* [Your objective]:
Beneath this line sits some data. Return only its lines from the one holding "Panorámica de Querétaro, donde" through the one holding "平舌卷气沉丹田右手握剑立剑停于胯右侧,剑尖向前剑刃与地面平行左手剑指停于胯左侧", inclusive, exactly, with the images removed.

* [Dataset content]:
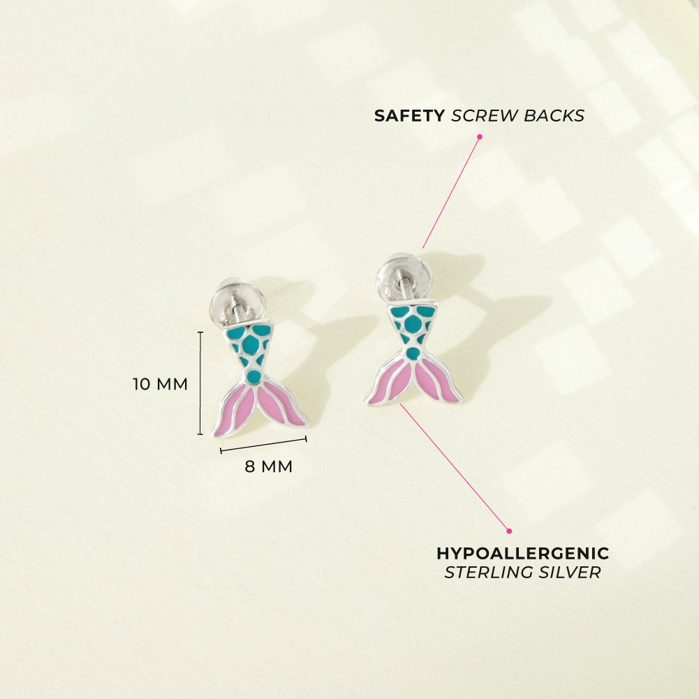 Mermaid Tail Kids / Children's / Girls Earrings - Sterling Silver
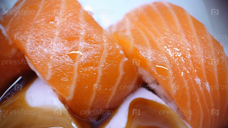 Текстура или фон.Традиционная азиатская кухня суши роллы из красной рыбы и ветчины крупным планом.Вид сверху.Макрофотография
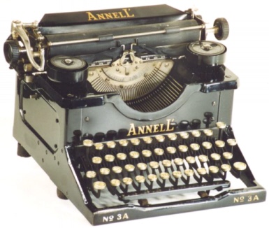 | Annell' No. 3A Tilman Elster collection This machine is said to be a version of the Woodstock No. 3, obviously enclosed, which was sold by mail-order. The author owns an original advertisement for this machine, which is dated 1922 -- many years after the No. 3 was dropped. These machines appear to run in their own serial number block; this example is serial number A1376. These were advertised as brand-new and not rebuilt machines. The distributing agent, namely the Anell' Typewriter Company, was located in Chicago, Illinois. A section of the ad is seen below. |
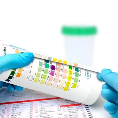 A Roche cég Combur 10 Test vizelet tesztcsíkjai 10 vizeletparaméter meghatározására szolgálnak. Speciális kialakításuk megakadályozza a különböző tesztmezők reagenseinek keveredését, emellett a reakciómezők egyértelmű színváltozása támogatja az eredmény egyszerű és pontos leolvasását.
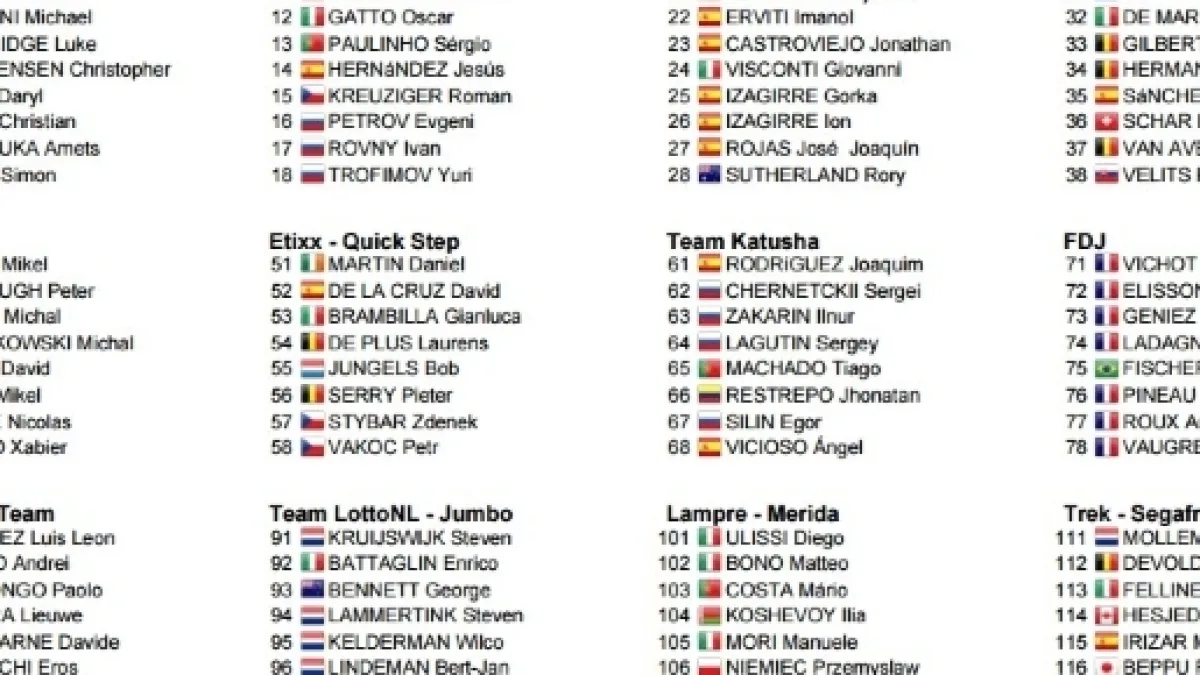 I primi nomi da segnare nell’elenco dei favoriti sono quelli di Alejandro Valverde e Joaquim Rodriguez, ad uno dei loro ultimi duelli visto il ritiro annunciato da Purito per la fine della stagione. Attenzione anche alle rispettive seconde linee, Ion Izagirre e Ilnur Zakarin. Tra i più forti sulla salita finale possiamo aspettare il campione in carica Adam Yates, insieme al gemello Simon, Daniel Martin in casa Etixx, Landa e Nieve per la Sky, ed ancora Mollema e Wellens. Molto forte è anche la BMC presente con tutti i big, Porte, Gilbert, Van Avermaet e Samuel Sanchez. Tornerà a correre Alberto Contador dopo l’infortunio del Tour, ma in casa Tinkoff si aspetta di più un buon Kreuziger. Tra gli italiani possiamo aspettare un bel risultato da Fabio Felline, Diego Ulissi, Davide Formolo e Moreno Moser.
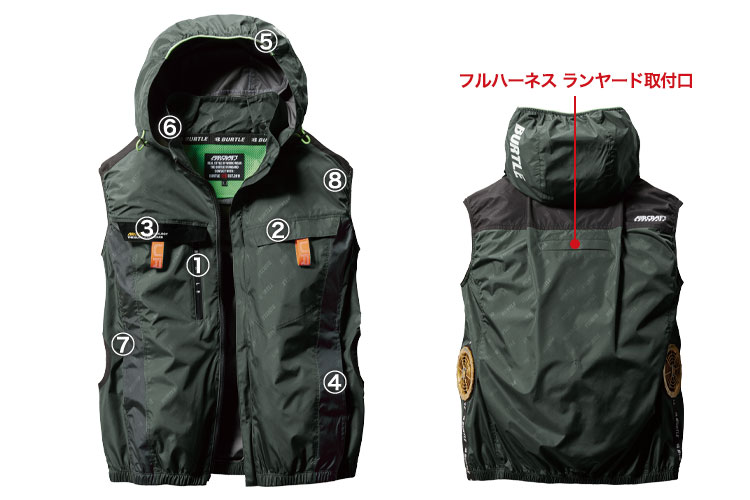 - フルハーネス対応、両脇サイドファン、ファスナーポケット、大型フード
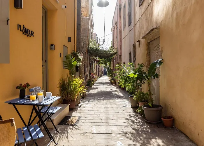 Das Hotel im Stadtviertel Chania Altstadt von Chania liegt in einer Entfernung von 13 Minuten zu Fuß von der Kathedrale der Jungfrau Maria und in einer Entfernung von nur 18 Gehminuten von Einkaufsmöglichkeiten wie der Markthalle. Fort Firkas ist in 17 Minuten zu Fuß vom Hotel zu erreichen. Alter Venezianischer Hafen befindet sich in unmittelbarer Nähe vom Flaneur. Die Bushaltestelle Ethniki Trapeza ist rund 700 Meter von der Unterkunft entfernt.
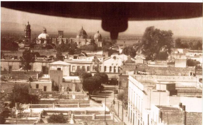 Panorámica de Querétaro, donde se ven edificios, el cine Goya y un templo.
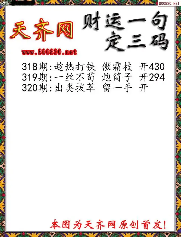 320期财运3D一句定三码字图谜
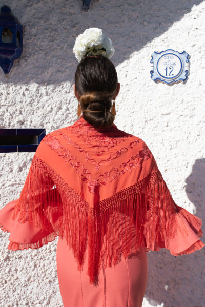 Mantoncillo Candela de seda salmón bordado al tono
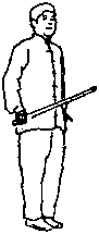 平舌卷气沉丹田右手握剑立剑停于胯右侧,剑尖向前剑刃与地面平行左手剑指停于胯左侧
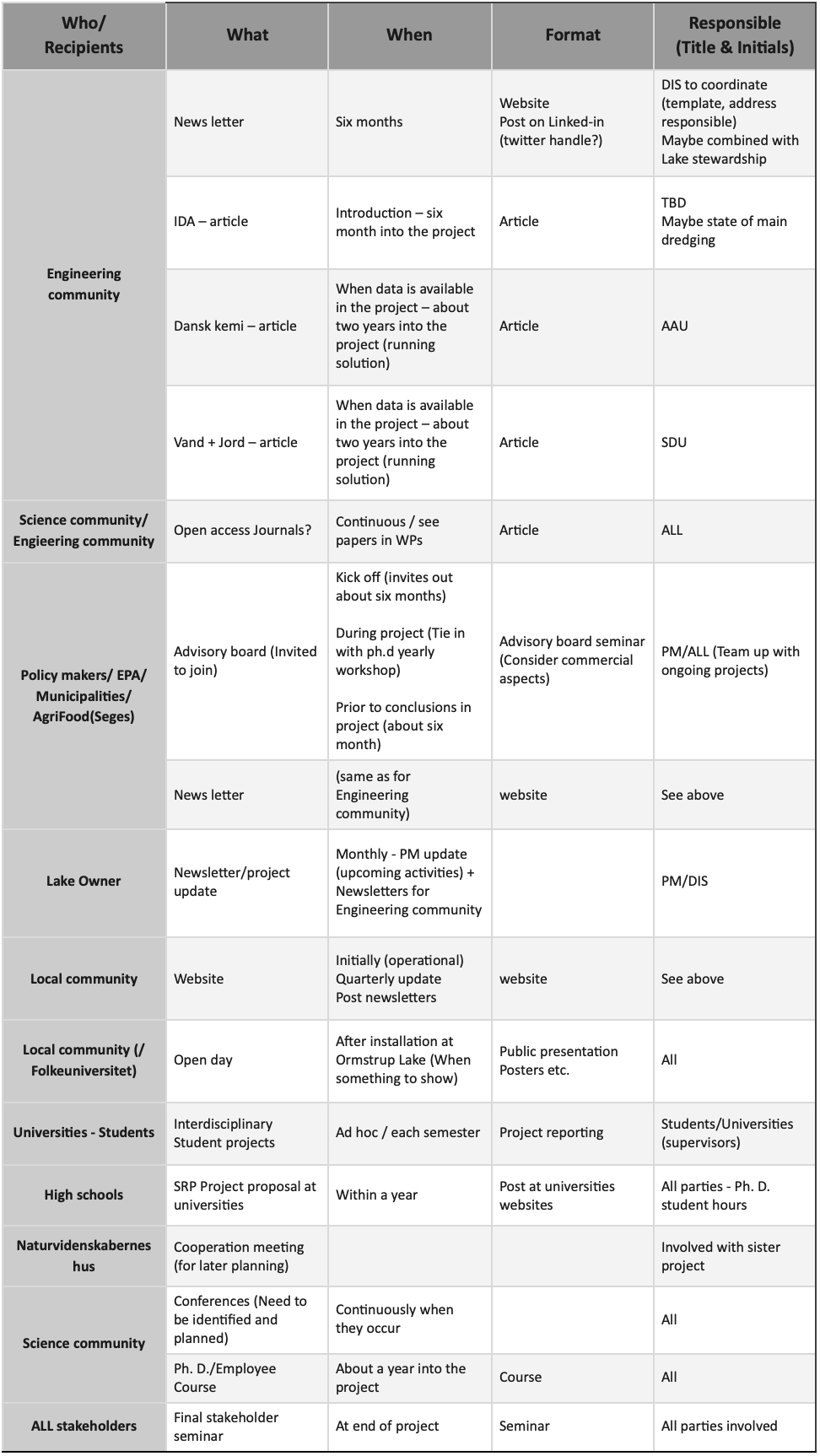RePair will develop sought-after expertise and know-how in a range of research areas and the generated knowledge will be managed carefully. Non-exploitable knowledge will be disseminated through a variety of means, e.g., across the extensive and cross-cutting networks that all the partners bring, which covers non-academic and academic partners across the globe. It will be an important task to inform non-academic about our activity to ensure greater awareness of the global P challenge i.e. pollutants of lakes and how it can be handled, and more importantly, transform the public understanding of P in lakes emphasizing that P is a resource that has to be recovered and reused. The results will be disseminated as follows:

* [Answer for this exercise]:
 Panorámica de Querétaro, donde se ven edificios, el cine Goya y un templo.
 320期财运3D一句定三码字图谜
 Mantoncillo Candela de seda salmón bordado al tono
 平舌卷气沉丹田右手握剑立剑停于胯右侧,剑尖向前剑刃与地面平行左手剑指停于胯左侧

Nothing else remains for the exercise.